- Code POGO8093
- Unit Value 6 units
- Offered by Crawford School of Public Policy
- ANU College ANU College of Asia and the Pacific
- Course subject Policy and Governance
- Academic career PGRD
- Mode of delivery In Person
Science and innovation shape societies and drive economies in powerful ways. In the 21st century, the balance of global science is shifting to Asia and new technologies are creating both opportunities and risks. The role of government in relation to science and innovation has never been more important - to ensure maximum return from its significant investments, to support “evidence-based” policy-making and to lead to the achievement of a range of policy objectives including competitiveness, security, sustainability and wellbeing. Yet at the same time, public and political debates about science and innovation have become increasingly contentious.

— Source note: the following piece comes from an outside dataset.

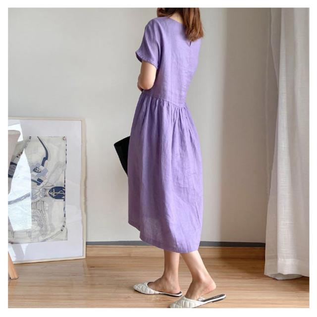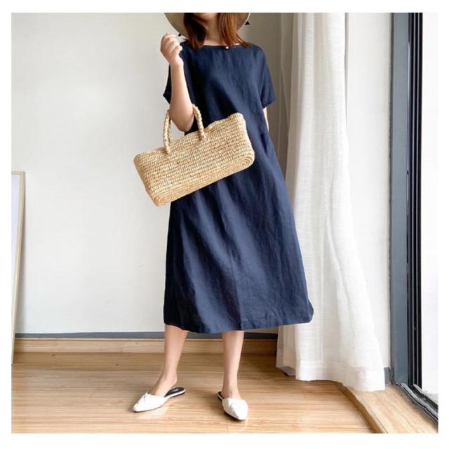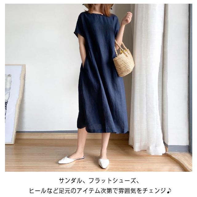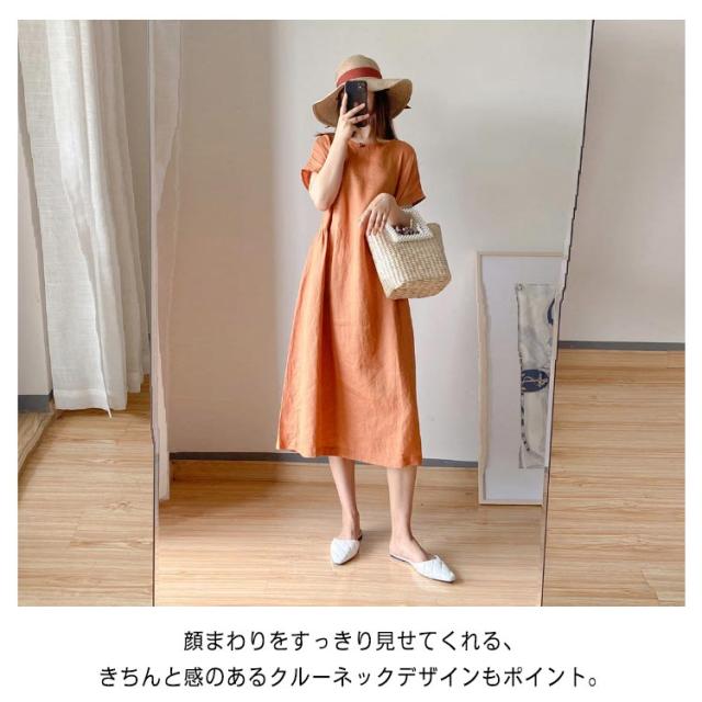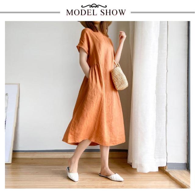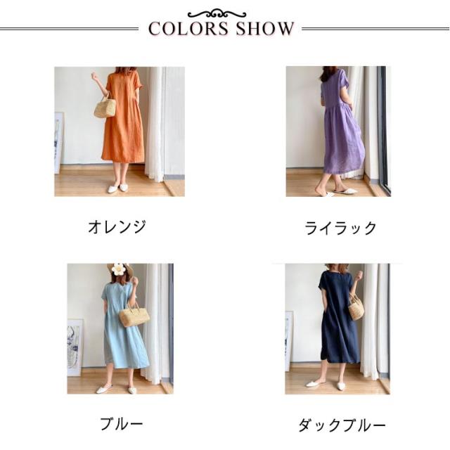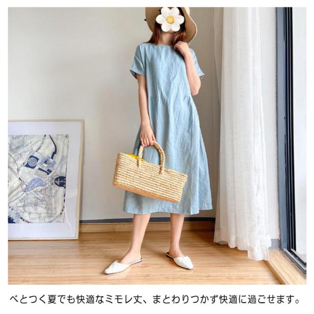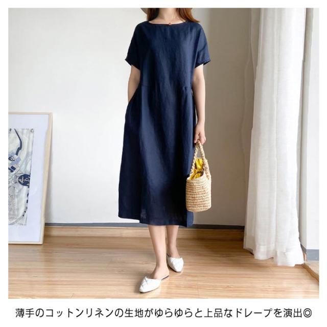 ロング丈ワンピース リネンワンピース ワンピース ワンピ 送料無料 ナチュラル 大きいサイズ 無地 夏ワンピース 半袖 リネン ミモレワンピース Aライン 春夏 薄手 綿麻 シンプル カジュアル ゆったり 送料無料 体型カバー

This course provides an integrated approach to these different dimensions of the relationships between science, technology, innovation, policy and politics. It highlights the important connections between traditionally separate fields, including both “policy for science” and “science for policy”. It allows students to engage with a range of policy-makers and actual cases, while also examining leading international research and relevant theory from a range of disciplinary perspectives. The aim of the course is to empower students to address the challenges of science, innovation and policy in the 21st century with a new set of ideas and tools.
Upon successful completion, students will have the knowledge and skills to:
- An understanding of key ideas in science and innovation policy, and the limitations of these ideas.
- An awareness of the connections between different aspects of science, technology, innovation and policy, including to a range of other policy objectives and methods.
- An ability to evaluate specific cases and policies in light of relevant theory and insight from a range of academic disciplines.
- An ability to analyse new ideas about science, innovation and policy and convey these in a range of relevant ways.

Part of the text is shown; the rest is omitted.